If you found a $5 bill on the street, would you pick it up? I am pretty sure I would!

A simple analogy is sometimes needed to help people see the forest through the trees. We all know that soil testing is a valuable tool, but we occasionally forget how big that dollar value can be. A small difference of 10 lb/acre nitrate-N in the soil nitrate test can easily translate to $5.00/acre in nitrogen fertilizer, application, and logistic savings for next year’s crop.

The amount of residual soil nitrate is trending a little less than historical averages in some areas, while others are running higher than normal. The regional and seasonal differences are caused by agronomic and environmental factors that are hard to predict (e.g. crop yield and nitrogen use, fertilizer nitrogen rate, soil nitrogen losses, nitrogen mineralization from soil organic matter). Collecting a soil sample is the only accurate way to know what remains in the soil profile, giving you a starting point for next year.

I recently had a phone call from a farmer who was looking at some soil test results with very low residual soil nitrate-N levels. He was questioning if soil nitrate testing was really worth it, if not much nitrate-N was found in some fields. I pointed out that if he had not run the soil nitrate test, he would not have known that he needed to apply MORE nitrogen than normal for next year’s crop.

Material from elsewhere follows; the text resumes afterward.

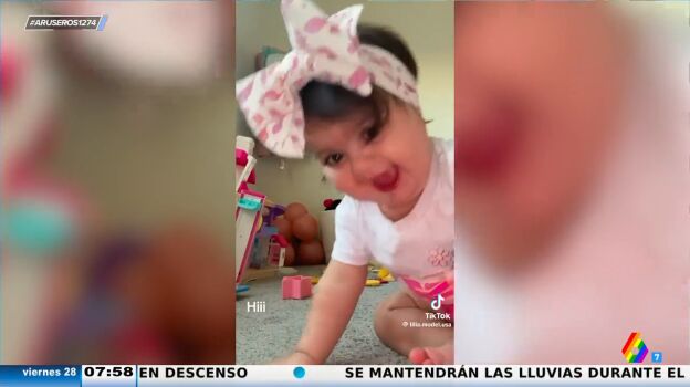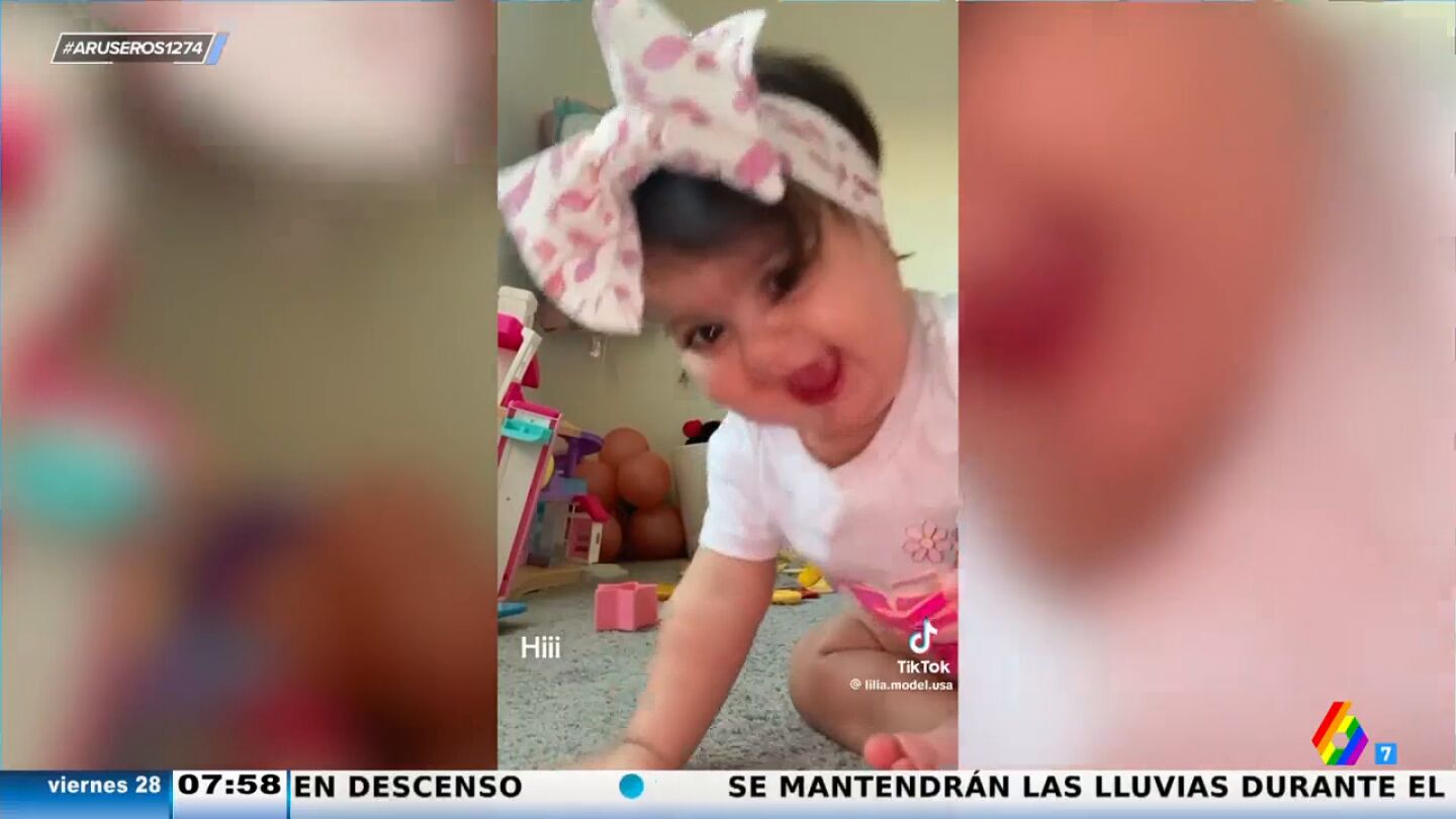 Alfonso Arús trae al plató de Aruser@s el vídeo viral de una niña que saluda cada vez que pasa por delante del móvil que la está grabando. La usuaria de TikTok' @lilia.model.usa' comparte la automática reacción de su bebé que no para de saludar cuando ve que la cámara está grabando.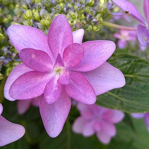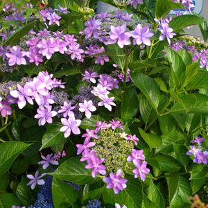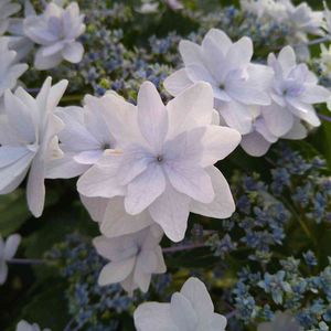 ガクアジサイ ダンスパーティー 萼片が八重に重なった装飾花が華麗❣ 花の色は土壌の酸性度で変化 アルカリ土壌だとピンク 酸性土壌だと淡いブルーや淡い紫

He would have assumed too much nitrogen remaining in the soil and missed the targeted crop yield he wanted to achieve.

I spent some time looking through other soil test results with the farmer. We soon discovered that his soil test results had a range of over 30 lb/acre nitrate-N across his fields. For each 10 lb/acre nitrate-N found in the soil nitrate test, it can save $5.00/acre in fertilizer costs at current urea prices. The cost of soil testing was easily covered with the nitrogen fertilizer savings alone. As a bonus, the farmer gained valuable knowledge about other soil nutrients such as phosphorus, potassium, sulfur, zinc, etc.

I also know some people try to utilize local average soil test values in their fertilizer rate calculations. I always caution people because there is a lot of variability behind that average value. For example, one local zip code area has 40% of soil samples after wheat between 21 to 40 lb/acre nitrate-N (0-24 inch). Another 40% of soil samples has over 40 lb/acre nitrate-N remaining. For 2 in 5 fields, there is another $25 to 55/acre in fertilizer nitrogen savings to be revealed though a soil test compared to the local average. Another 1 in 5 fields requires 20 lb/acre MORE nitrogen fertilizer than the local average would imply; the cost of underapplying is more expensive than overapplying because you also lose crop yield. If you had 5 fields and only used the local average, you’d get the right fertilizer rate on 2 fields, overapply on 2 fields, and underapply on 1 field. The variability is where the risk lies.

I do not know about you, but I would be that guy who picks up the $5 bill on the street every time. Soil nitrate testing is a smart investment that helps me know that I am applying the right nitrogen rate to maximize crop yield and profitability without undue risk to the environment.